Effectively, the data page Pm, which hasn’t been accessed for the longest time, is evicted.

Imagine scanning a 200GB table using this algorithm, especially for a historical data table that isn’t typically accessed. The scanning process would replace the contents of the Buffer Pool with the scanned data pages, leading to a drop in Buffer Pool hit rate and slower SQL response times.

InnoDB cannot use this LRU algorithm directly. In reality, InnoDB has improved upon the LRU algorithm.

In InnoDB’s implementation, the LRU list is split into a young area and an old area in a 5:3 ratio. LRU_old points to the start of the old area, which is at 5/8 of the list. This means that the first 5/8 of the list is the young area, while the last 3/8 is the old area.

The improved LRU algorithm works as follows:

  1. In state 1, when accessing data page P3, since it’s in the young area, it’s moved to the front, becoming state 2.

  2. When accessing a new data page not in the current list, it will be placed in the LRU_old section if memory is full.

  3. Data pages in the old area, when accessed, will be judged based on how long they have been in the list:

    • If a data page has been in the LRU list for more than 1 second, it will be moved to the front.
    • If a data page has been in the list for less than 1 second, its position remains unchanged. The 1-second duration is controlled by the innodb_old_blocks_time parameter, with a default value of 1000 milliseconds.

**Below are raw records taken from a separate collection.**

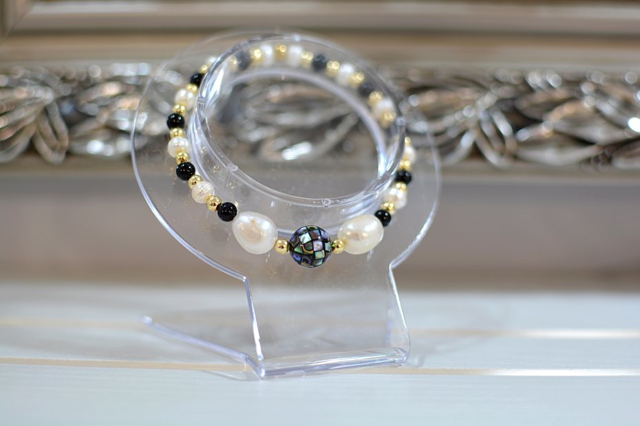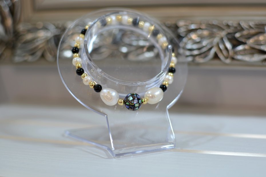Elegancka bransoletka na gumce wykonana z perełek słodkowodnych (5x6mm), kulek onyksu (śr. 4mm), kuleczek platerowanego na kolor złoty hematytu (śr. 3mm), a także kuleczek ze stali szlachetnej w kolorze złotym. W jej centralnym punkcie znajduje się kulka, która jest zdobiona przez nieregularne fragmenty muszli paua a jej powierzchnia dodatkowo zabezpieczona jest przezroczystą żywicą, która pięknie uwydatnia opalizowanie muszli. Z centralną, migoczacą na różne kolory mozaikową kulą o śr.10mm sasiadują dwie większych rozmiarów perły słodkowodne (długości ok. 11-12mm).
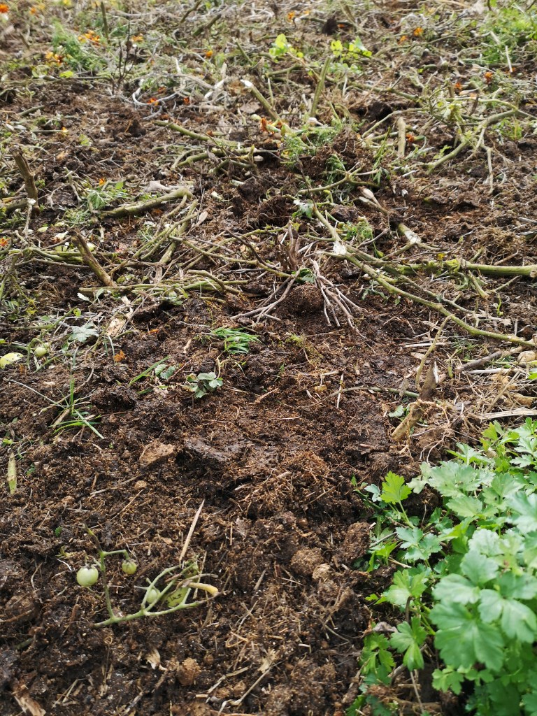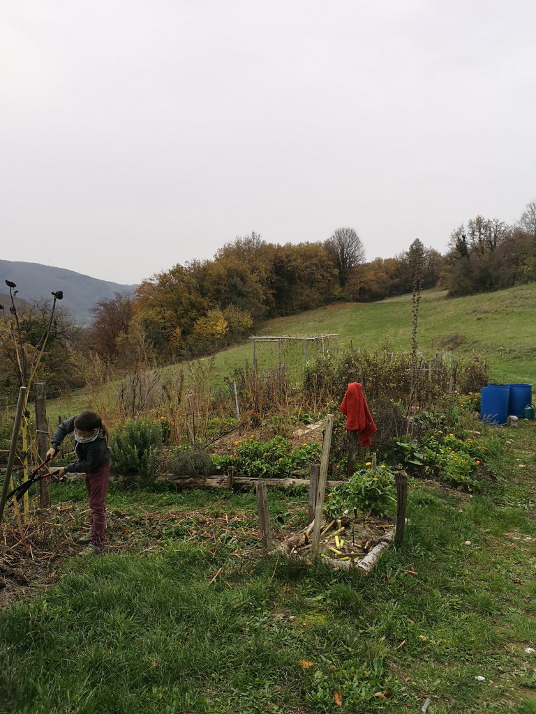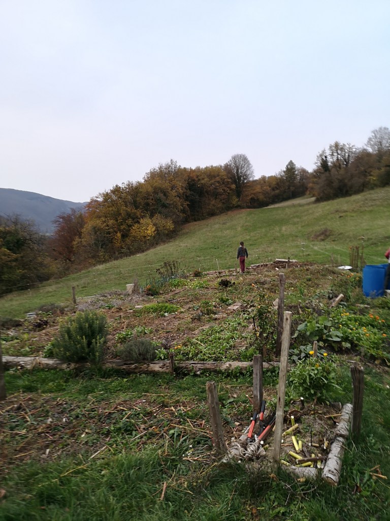 - Les récoltes de l’automne sont quasi terminées, on découpe les restes de plants de légumes et de fleurs directement sur place sur place et on les laisse au sol.
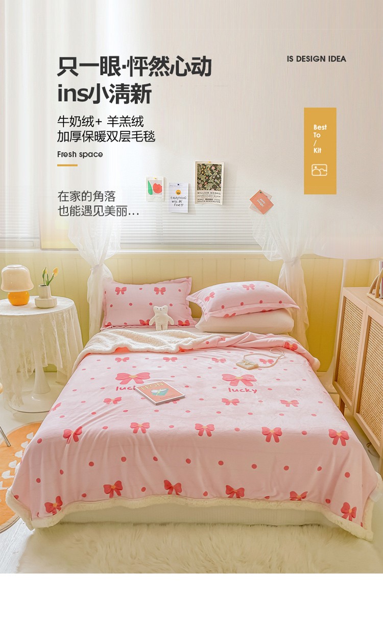 沐慕 2022新款牛奶绒拼羊羔绒毛毯 幸运蝴蝶结
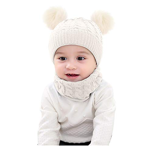 Borlai - Set di 2 Cappelli Invernali Lavorati a Maglia con Pompon e Fazzoletto da Collo, per Bambini da 1 a 6 Anni Bianco Bianco
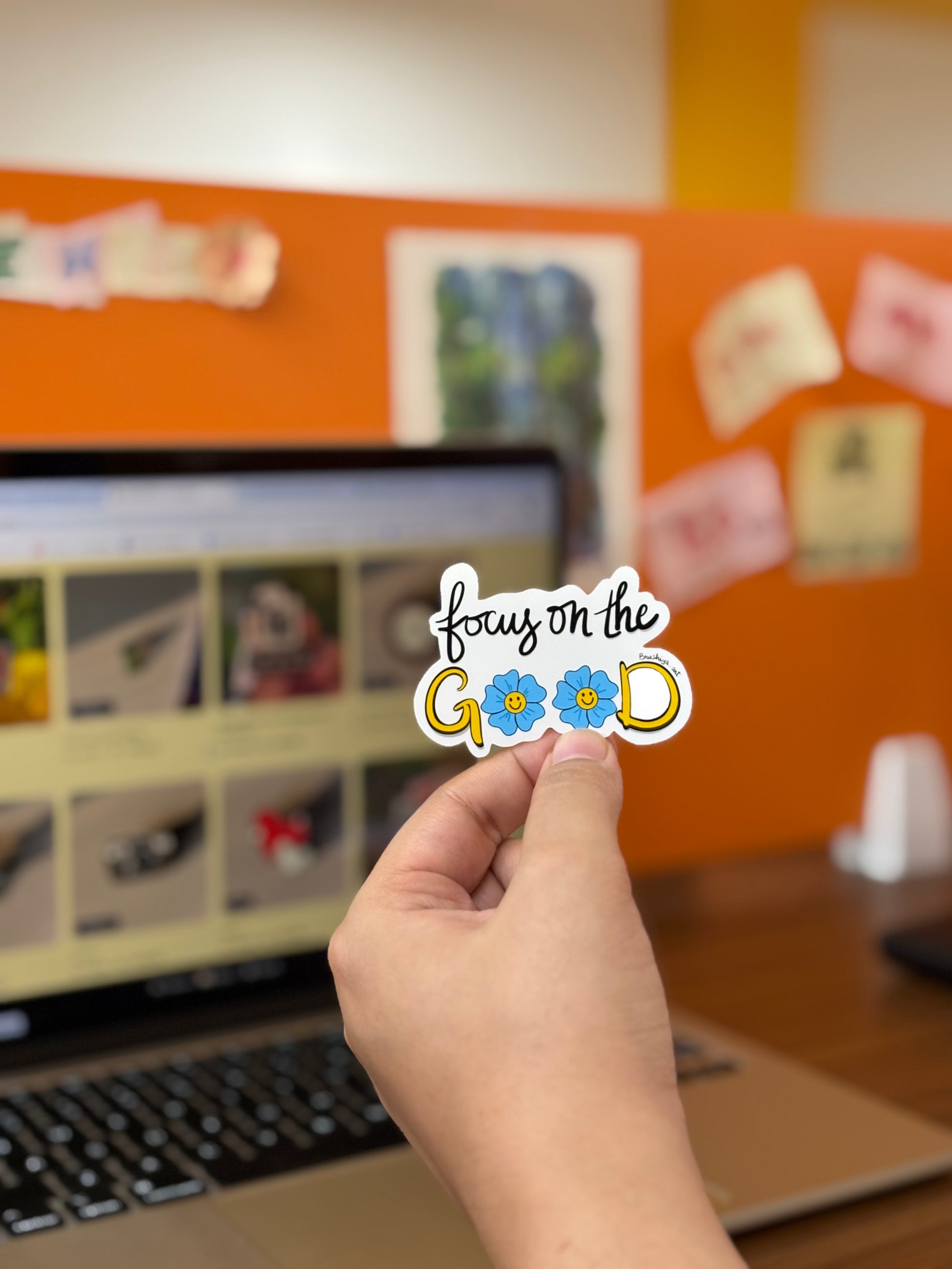 Brighten up your day with the playful "Focus On The Good" sticker! Adorned with cheerful flowers woven into the text, it’s a delightful reminder to keep those positive vibes blooming wherever you stick it.
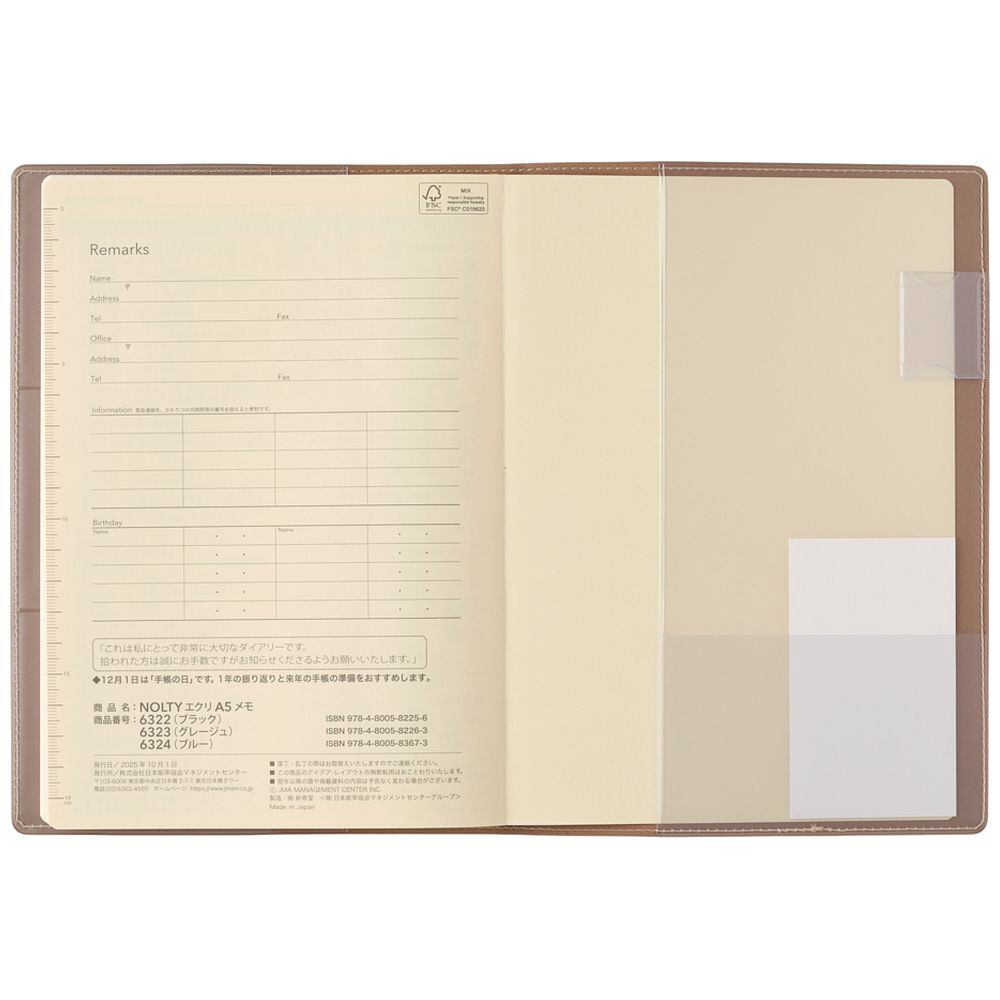 2026年版1月始まり NOLTY(ノルティ) エクリメモ 手帳 グレージュ 6323 [ウィークリー /A5 /月曜日始まり]
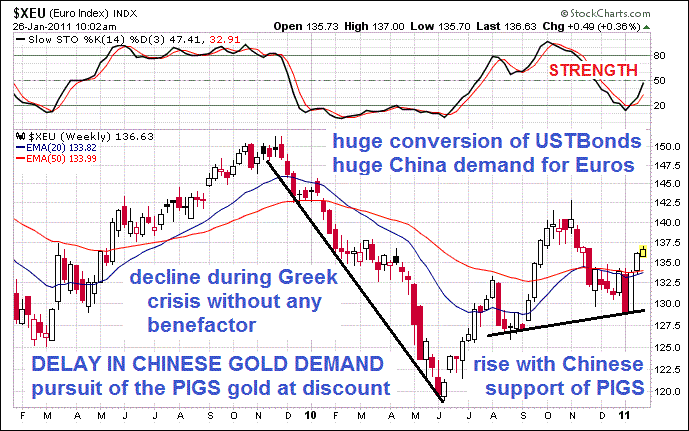 Something unique and unusual has happened in the last three weeks. The Euro currency has risen noticeably from 129 to 137, but the Gold price has fallen from $1385 to $1335 per ounce. For almost a full decade, the correlation between the US$ DX index and the Gold price has been in the minus 70% neighborhood. What has happened in the last month has been a gigantic outlier. It is not just significant with umpteen standard deviations above the norm. It is in the wrong direction. My best guess is that the Chinese have temporarily halted their usage of the COMEX avenue for gold acquisition. They have permitted the corrupted COMEX to push down the gold price, using its fraudulent paper mechanisms. They have given free rein for the Wall Street maestros to lower the gold price for any IMF deal to secure European gold bullion in exchange for EuroBonds. Most gold & silver contracts are settled in cash anyway these days, since the COMEX does not have much precious metal in its possession. Imagine the day coming before too many months when gold & silver can be traded in contracts at the COMEX with no gold or silver metal exchanging hands. That day is coming, along with ruin of the GLD and SLV defaults, ruin, deep discounts in share price versus the metal price, and investor lawsuits. As for the Gold & Silver price, they will rise when the Chinese decide to resume buying. Right now, their attention is diverted to EU gold bought at deep discount, and in volume. As usual, they are thinking at least 20 years ahead. The Gold & Silver price will rise soon enough for the patient minded. The physical market wrests control always, as the mid-term forces take over.
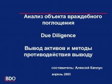 Анализ объекта враждебного поглощения Due Diligence Вывод активов
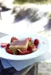 Washing and cleaning strawberries. Puree 250 g strawberries and cut the rest very finely. Whip the cream until stiff, adding vanilla sugar. Fold in the strawberry pieces and fold in the strawberry puree in streaks.
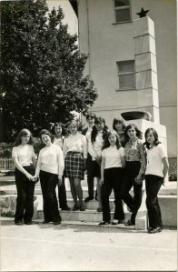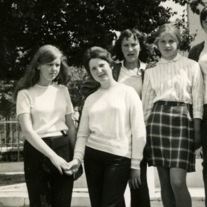 Slika deklet iz 8. razreda leta 1971 v Grahovem. Slikane pred spomenikom žrtvam NOB, pred svojo šolo. Slika je nastala v sklopu vsakoletnega spominskega slikanja razredov na šoli. Očitno so si dekleta zaželela ob klasični skupinski sliki še solo, žensko sliko. In fotograf Jože Žnidaršič se ni pustil prositi in že so bile v škatlici. Lepo je videti sošolke in dobre prijateljice skupaj. Kdaj se bomo še lahko takole skupaj slikale? Verjetno so že razmišljale o odhodu v srednje šole, kako se bodo vključile v novo okolje, ali bodo znale navezati stike in si pridobiti nove prijateljice, ali se bodo pogrešale … Veliko neodgovorjenih vprašanj se jim je podilo po glavi. Vsaka lepa stvar enkrat mine in pusti za seboj spomine. Če pa poleg spominov ostane še slika, je spomine veliko lažje obuditi. Prijateljice za vedno!
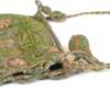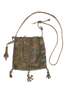 with silk and silver threads with a silk lining, depicting flowers growing on a trellis, with a drawstring cord top and tassel trimmings
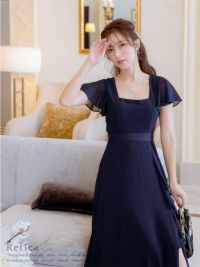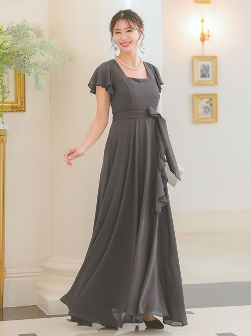 3. スクエアネックスリットロング丈パーティードレス(Sサイズ~4Lサイズ)
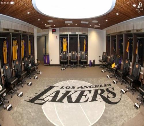 赛前,湖人官方晒出了全新更衣室的图集,今夏球队做出了全面升级,现在屋顶上有一个大的湖人logo,球员们的椅子也都换了。
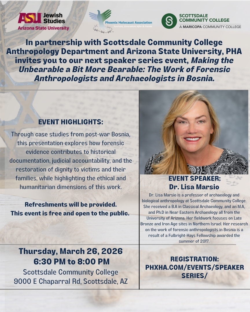 Dr. Lisa Marsio is a professor of archaeology and biological anthropology at Scottsdale Community College. She received a B.A in Classical Archaeology, and an M.A, and Ph.D in Near Eastern Archaeology all from the University of Arizona. Her fieldwork focuses on Late Bronze and Iron Age sites in Northern Israel. Her research on the work of forensic anthropologists in Bosnia is a result of a Fulbright-Hays Fellowship awarded the summer of 2017.
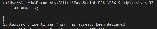 그리고 let 을 키워드로 변수를 선언하면 동일한 이름을 가지는 변수를 허용하지 않기 때문에 아래와 같이 코드를 작성할 경우 아래의 이미지와 같은 결과를 얻게 된다.
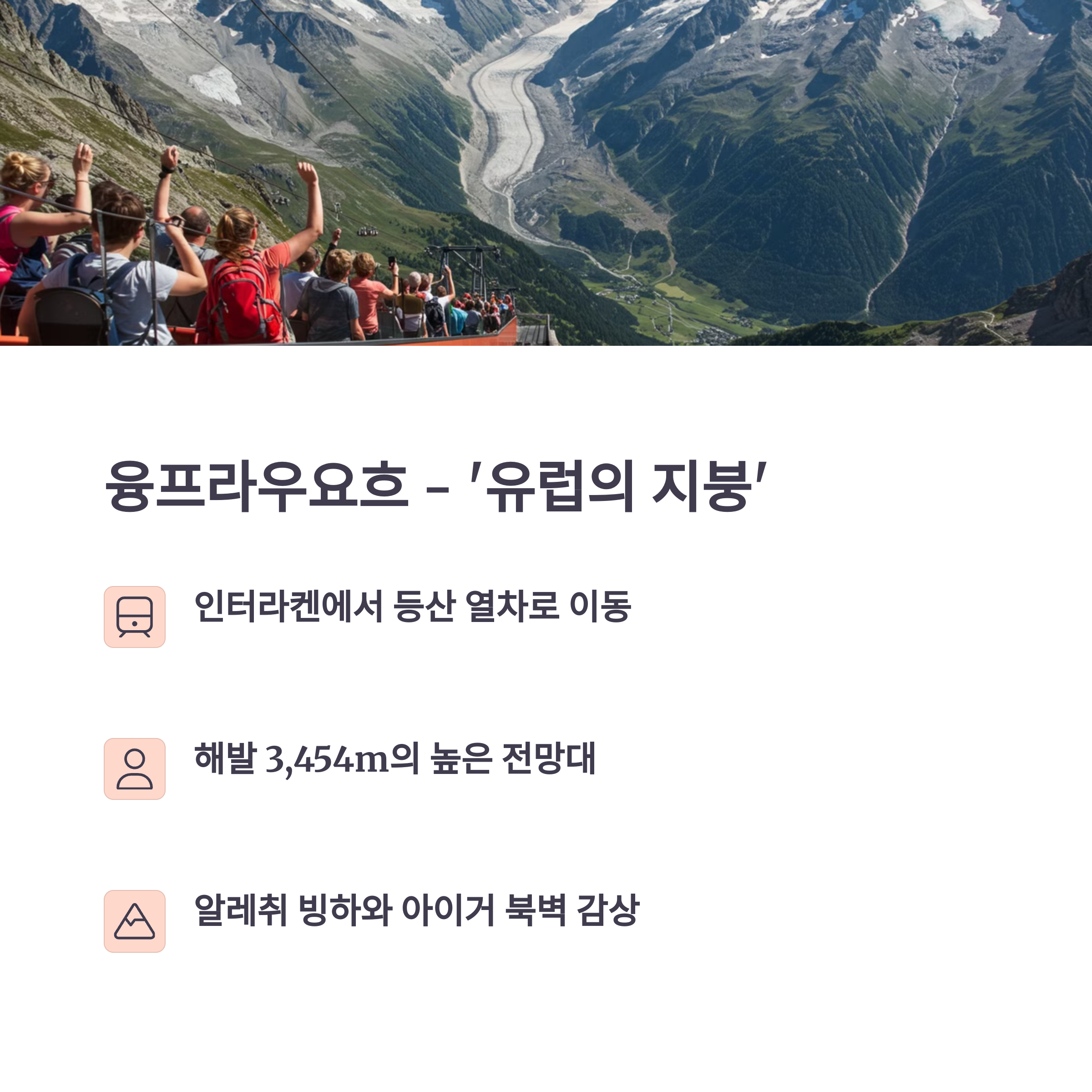 '유럽의 지붕'이라 불리는 융프라우요흐(3,454m)는 스위스 알프스 전망을 감상하는 가장 유명한 명소 중 하나입니다.
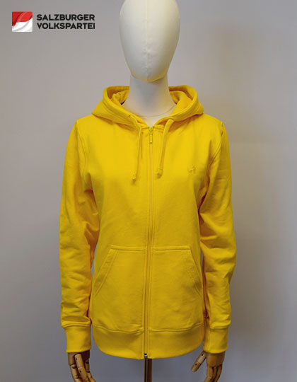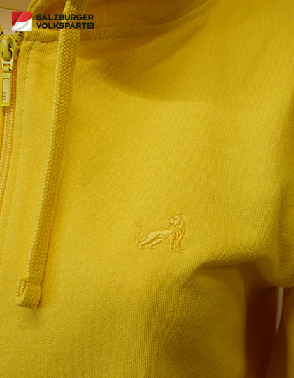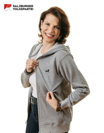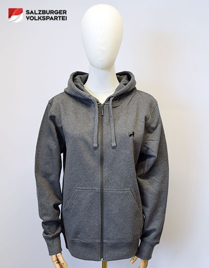 Diese hochwertige Bio-Kapuzenjacke für Damen verbindet nachhaltige Qualität mit einer klaren Botschaft. Auf der linken Brust ist die charakteristische Löwin, das persönliche Symbol von Landeshauptfrau Karoline Edtstadler, dezent und hochwertig gestickt.
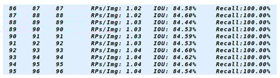 The entire dataset is divided into training and testing sets in a 9:1 ratio. This division can effectively evaluate the accuracy and generalization ability of the model, making the model performance stable and effective. After training, the model is tested, and the results are presented in Figure 12. A total of 96 images were selected for the test, and all the ground truth could be correctly detected. It can be concluded that the IOU reached 84% and the recall reached 100%, indicating that the model has good performance.
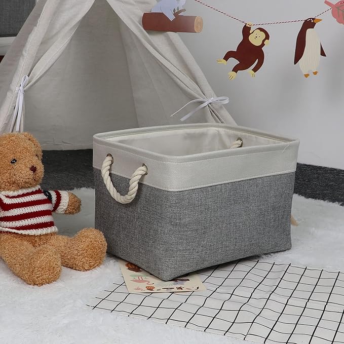 - Set of 3 Large Storage Baskets: The size of each fabric storage basket is 15 x 11 x 9.5 inches. Each Canvas storage bins weighs about 0.7 pounds and can be very light to transport items with less effort. Children can also easily transport their toys. Perfectly fit for most cube organizers, shelves closets or baby change tables. Sturdy and soft fabric baskets for home storage with good abrasion resistance
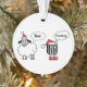 Funny and original Christmas cartoon of a sheep and humbug candy with text "Baa...humbug" on Christmas ornament with snowflake pattern on reverse.
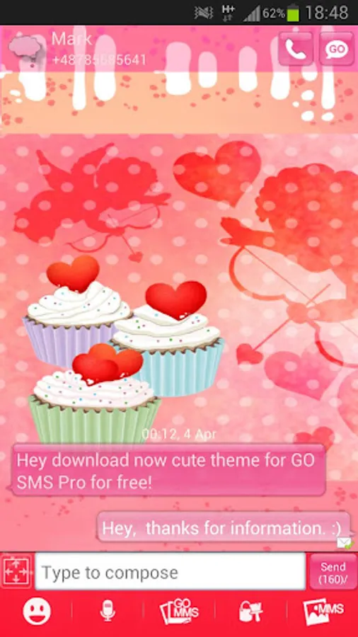 Cupcake Heart Theme GO SMS Pro Theme works only with GO SMS Pro application if you don't have it, download for free from Google Play.
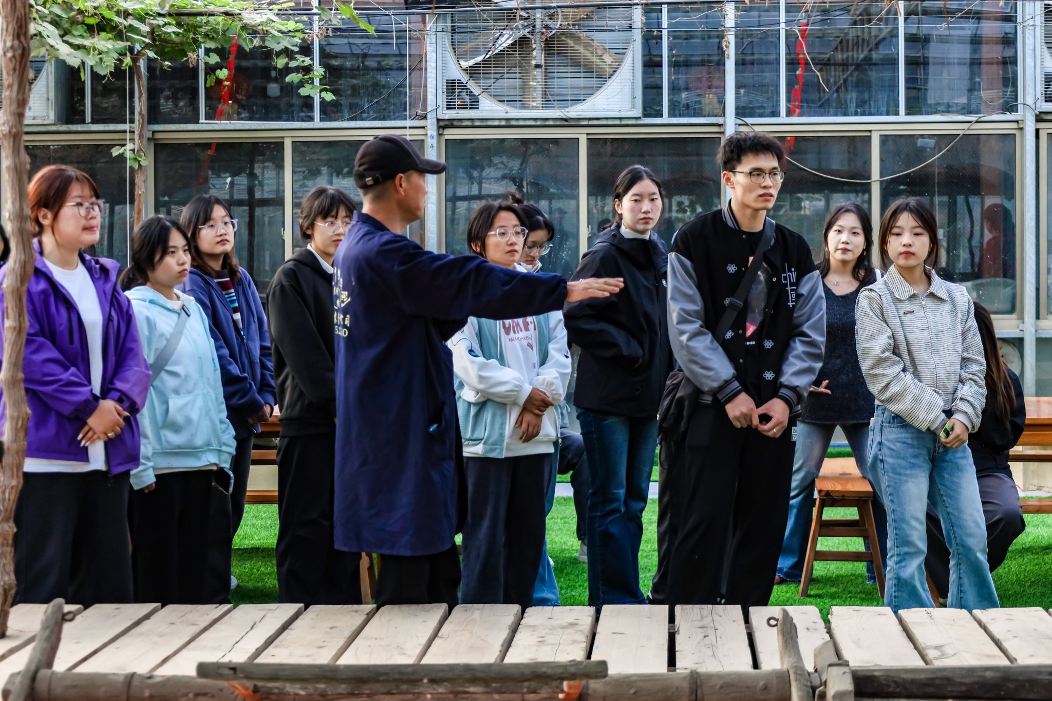 走进百果园,讲解员指着对应的玻璃房介绍,“这是巨峰葡萄,它是最古老、传统的品种,这边是阳光玫瑰,素有‘葡萄中的劳斯莱斯’之美誉……”学生们边听边问,兴致盎然。“比起实验室里的操作,亲手修剪枝条、观察植物生长显得格外生动。”应用统计学2022(2)班的袁华清感叹,“技术员说挑选葡萄要选松散的果串,而不是特别紧实的、长得特别漂亮的,这完全颠覆了我以往专挑紧密果串的认知!”

Suppose you scan a 200GB table using this algorithm, and the table contains historical data with infrequent access. In this case, the scanning process will effectively replace the contents of the Buffer Pool with data from the historical table.

For a production database serving live business operations, this is not ideal. The Buffer Pool’s memory hit rate drops, disk I/O pressure increases, and SQL query responses become slower.